Exercise objective - Extract precisely the lines that run from the line containing "地球科学博物馆教学实践基地示" to the end of the records below, with both ends included and pictures omitted.

Data extracted from a collection:
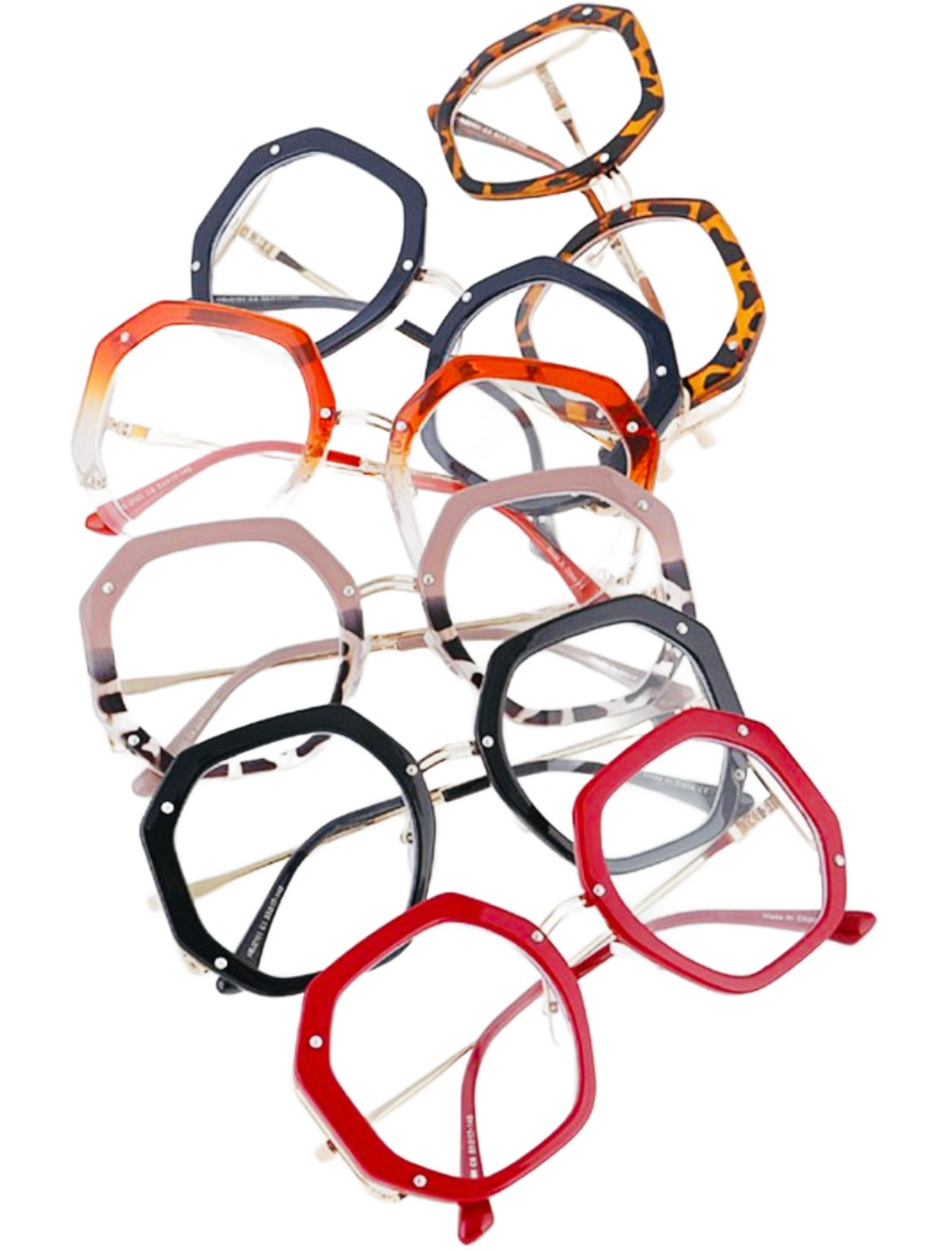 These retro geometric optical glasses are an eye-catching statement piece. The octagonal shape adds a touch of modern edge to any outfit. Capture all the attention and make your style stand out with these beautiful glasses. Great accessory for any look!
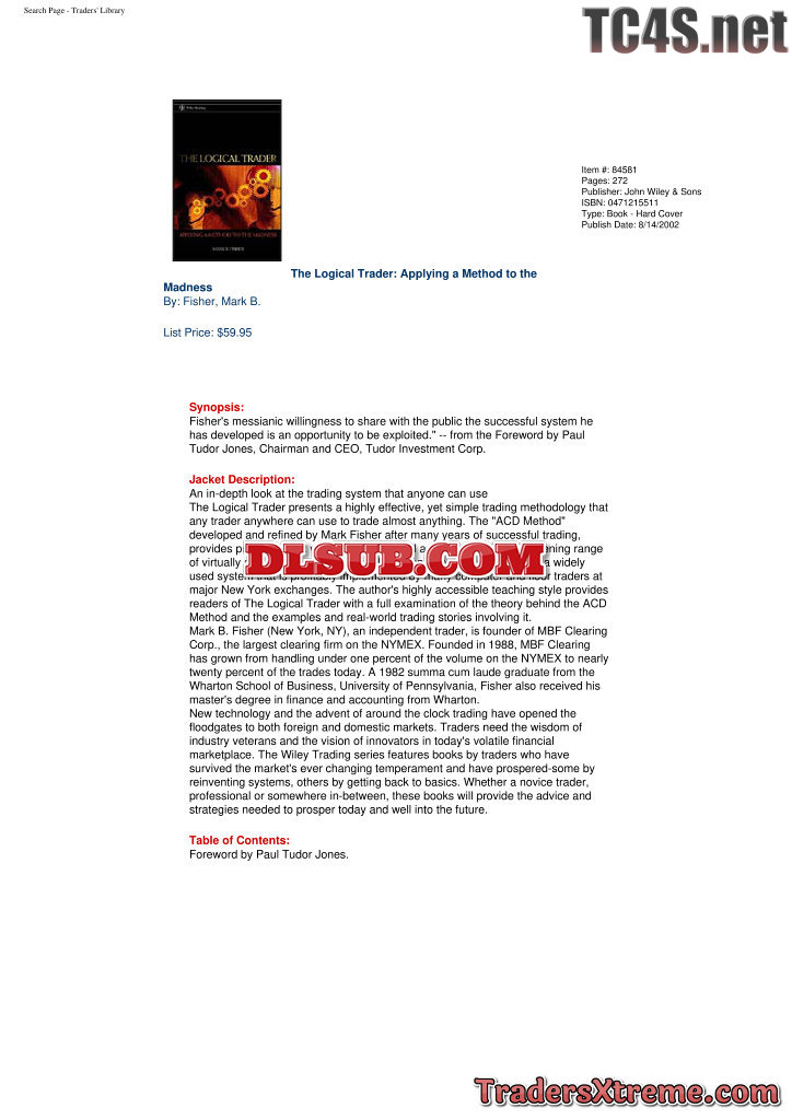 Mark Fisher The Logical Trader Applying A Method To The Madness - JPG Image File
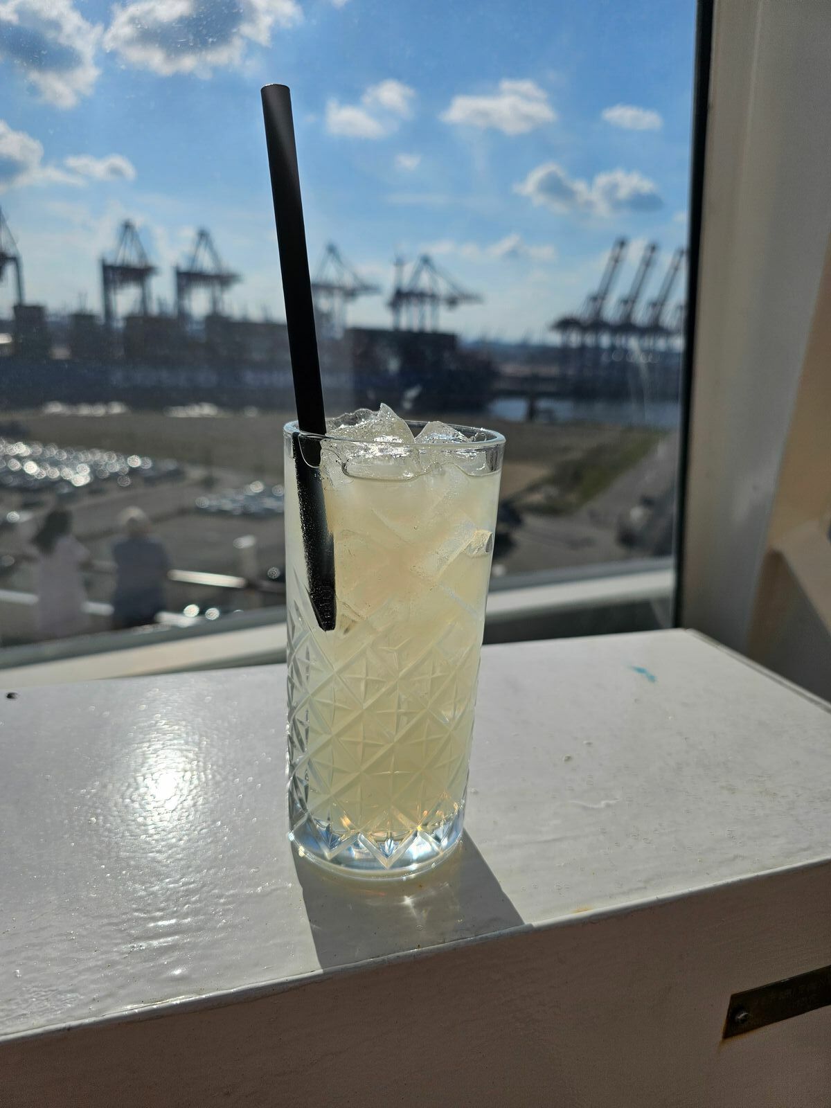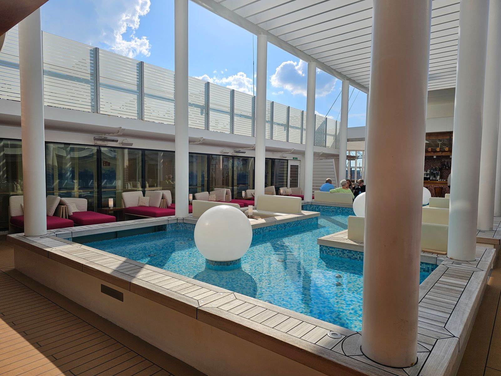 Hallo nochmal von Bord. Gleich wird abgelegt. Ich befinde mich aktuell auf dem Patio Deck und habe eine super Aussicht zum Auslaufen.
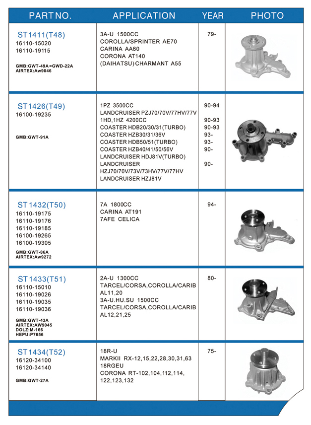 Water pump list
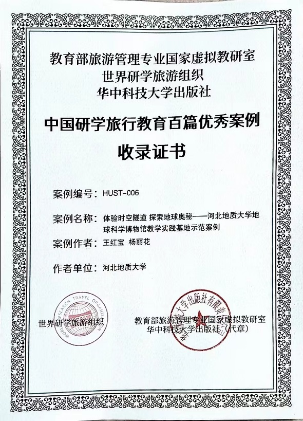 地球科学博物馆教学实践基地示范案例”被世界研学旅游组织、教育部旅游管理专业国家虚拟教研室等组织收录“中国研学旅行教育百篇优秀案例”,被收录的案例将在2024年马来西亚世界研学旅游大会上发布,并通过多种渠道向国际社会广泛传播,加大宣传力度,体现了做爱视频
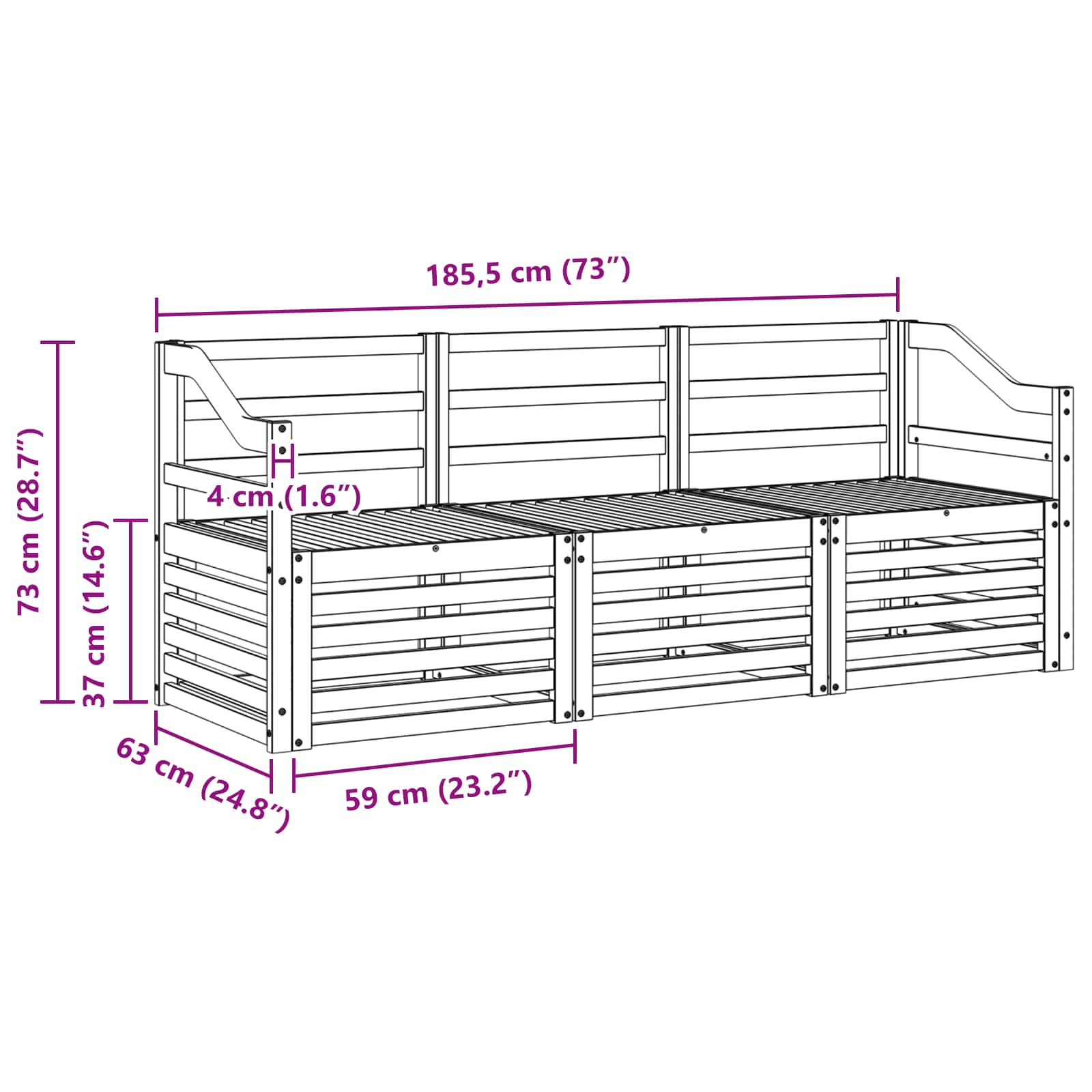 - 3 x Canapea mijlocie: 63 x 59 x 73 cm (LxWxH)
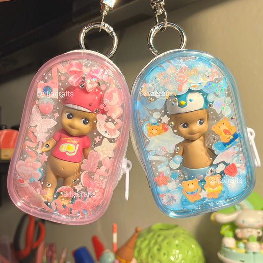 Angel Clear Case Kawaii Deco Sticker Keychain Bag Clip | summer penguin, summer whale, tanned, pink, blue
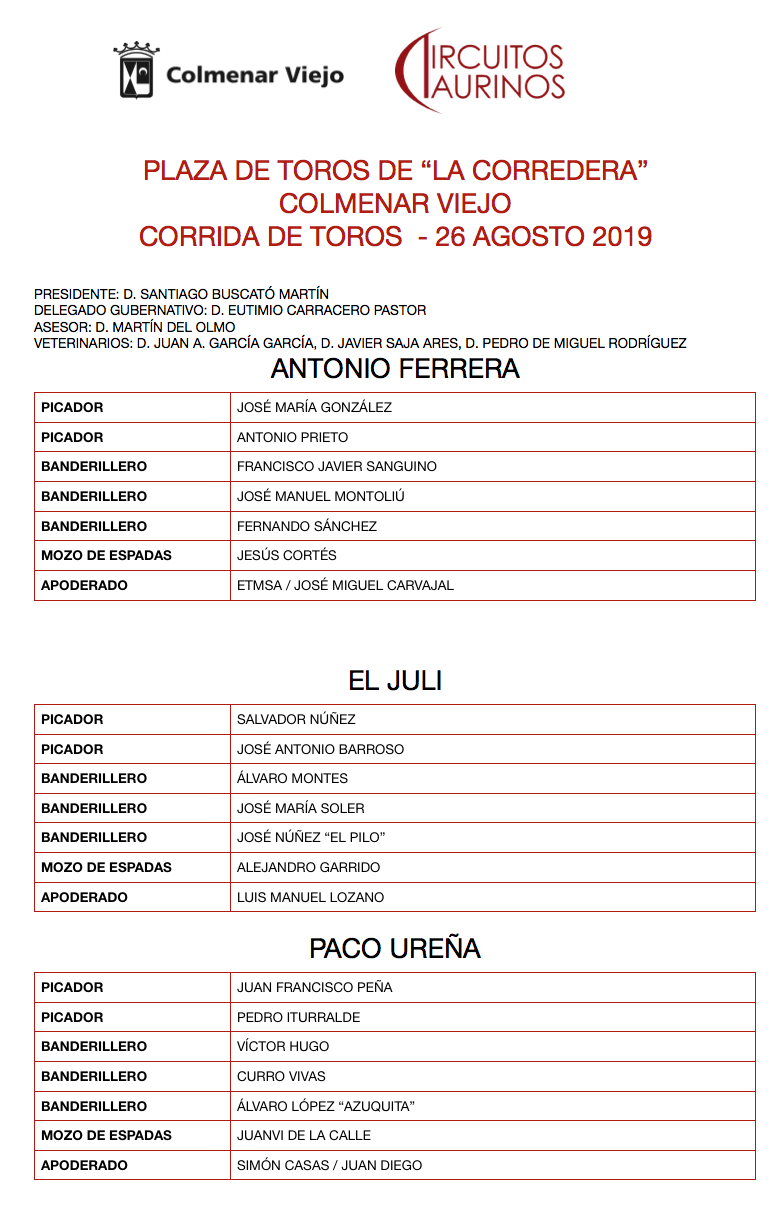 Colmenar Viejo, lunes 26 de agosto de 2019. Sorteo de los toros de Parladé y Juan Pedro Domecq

Solved exercise -
 地球科学博物馆教学实践基地示范案例”被世界研学旅游组织、教育部旅游管理专业国家虚拟教研室等组织收录“中国研学旅行教育百篇优秀案例”,被收录的案例将在2024年马来西亚世界研学旅游大会上发布,并通过多种渠道向国际社会广泛传播,加大宣传力度,体现了做爱视频
 - 3 x Canapea mijlocie: 63 x 59 x 73 cm (LxWxH)
 Angel Clear Case Kawaii Deco Sticker Keychain Bag Clip | summer penguin, summer whale, tanned, pink, blue
 Colmenar Viejo, lunes 26 de agosto de 2019. Sorteo de los toros de Parladé y Juan Pedro Domecq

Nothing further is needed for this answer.